Mais le tribunal n'a pas encore fini la lecture des chefs d'accusation (seulement six sur onze ont été énoncés), et surtout n'a pas encore fait état de l'examen des preuves. Enfin, il n'a pas encore formellement "reconnu" les accusés "coupables".
Pour le seul cas Apatit et notamment l'acquisition de 20% de son capital en 1994, représentant les accusations les plus graves, MM. Khodorkovski et Lebedev, qui plaident non coupables, sont passibles de dix ans de prison.
Au total, ils risquent jusqu'à 20 ans si les peines sont cumulées, à l'issue de ce procès de onze mois.
Le Parquet, lui, a requis 10 ans de prison. Et la plupart des experts s'attendent à une peine de cet ordre. Selon eux, les arguments de la défense, dénonçant un procès fabriqué, n'ont aucune chance d'être entendus.
Le verdict lui-même pourrait ne pas être annoncé avant plusieurs jours.
M. Khodorkovski, vêtu d'un jean, d'un polo noir et d'une veste vert foncé, a écouté très calmement l'énoncé du jugement, aux côtés de Platon Lebedev, dans la cage réservée aux accusés.
De temps en temps, souriant, il adressait un salut de la main à sa femme Inna, et ses parents Marina et Boris, présents dans la salle.
"Pratiquement tous les citoyens du pays attendent le verdict du procès de Khodorkovski", soulignait lundi le quotidien Izvestia. "C'est un événement qui, sans exagérer, définira le sens du développement du pays pour de longues années".
Quel que soit le jugement, condamnation ou libération de prison, il sera "la conséquence d'une instruction politique", estimait la société d'investissements UFG, alors que "l'affaire Ioukos" a fortement ébranlé la confiance des investisseurs, inquiets d'une utilisation politique et sélective de la justice.
Devant le tribunal Mechtchanski, quelque trois cents personnes s'étaient réunies lundi pour soutenir celui qui avant son arrestation en octobre 2003 était considéré comme l'homme le plus riche de Russie.
Un cordon de police très serré empêchait les manifestants d'approcher du bâtiment, et les forces spéciales les ont dispersés en milieu d'après-midi.
"Je pense que la peine sera lourde.

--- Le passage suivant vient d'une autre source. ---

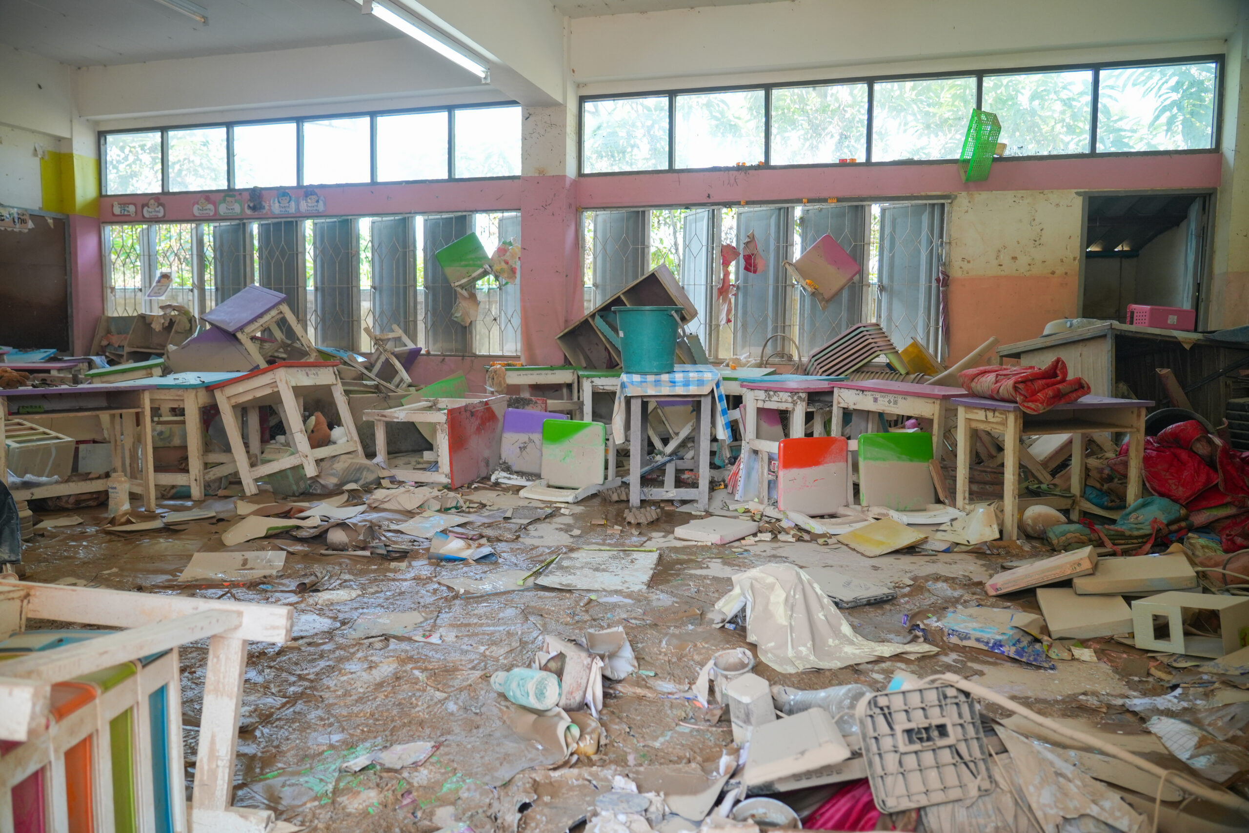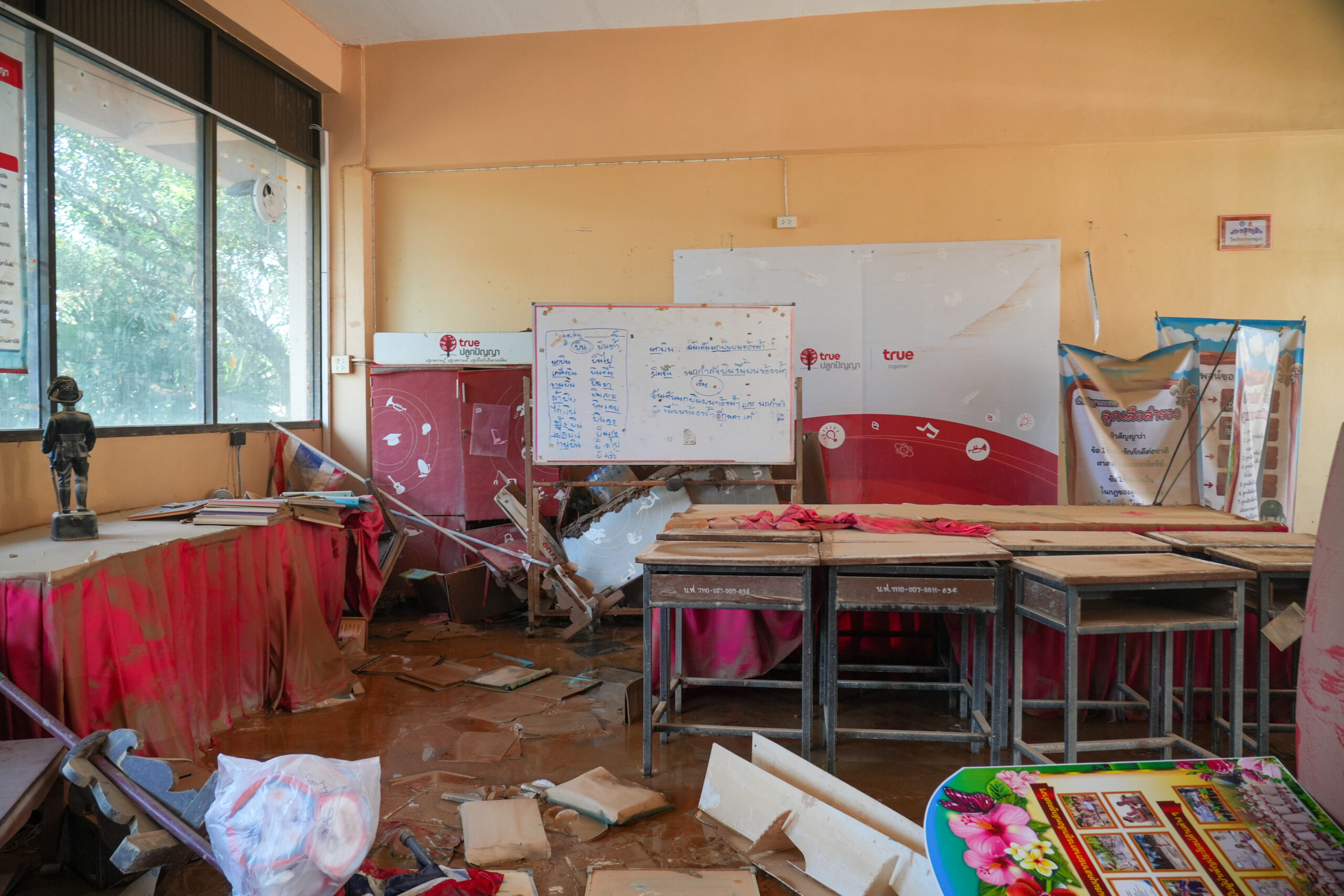 Although the water has now receded, the damage remains. Schools and learning materials were swept away. The children want to return to class as soon as possible. “Our school was badly damaged. All the learning materials and even the canteen were washed away. We really want to go back to school. I love studying mathematics and Thai.”

Si elle avait dû être légère, elle aurait été prononcée" à la date prévue, a relevé la militante des droits de l'Homme Lioudmila Alexeeva, qui a tenu à se rendre devant le tribunal, comme d'autres personnalités, tel l'ancien champion d'échecs Garry Kasparov.
Initialement prévue pour le 27 avril, l'annonce de la sentence avait été repoussée sans explications. Les analystes avaient avancé des raisons diplomatiques, en soulignant que Vladimir Poutine recevait le 9 mai à Moscou tout le gratin international.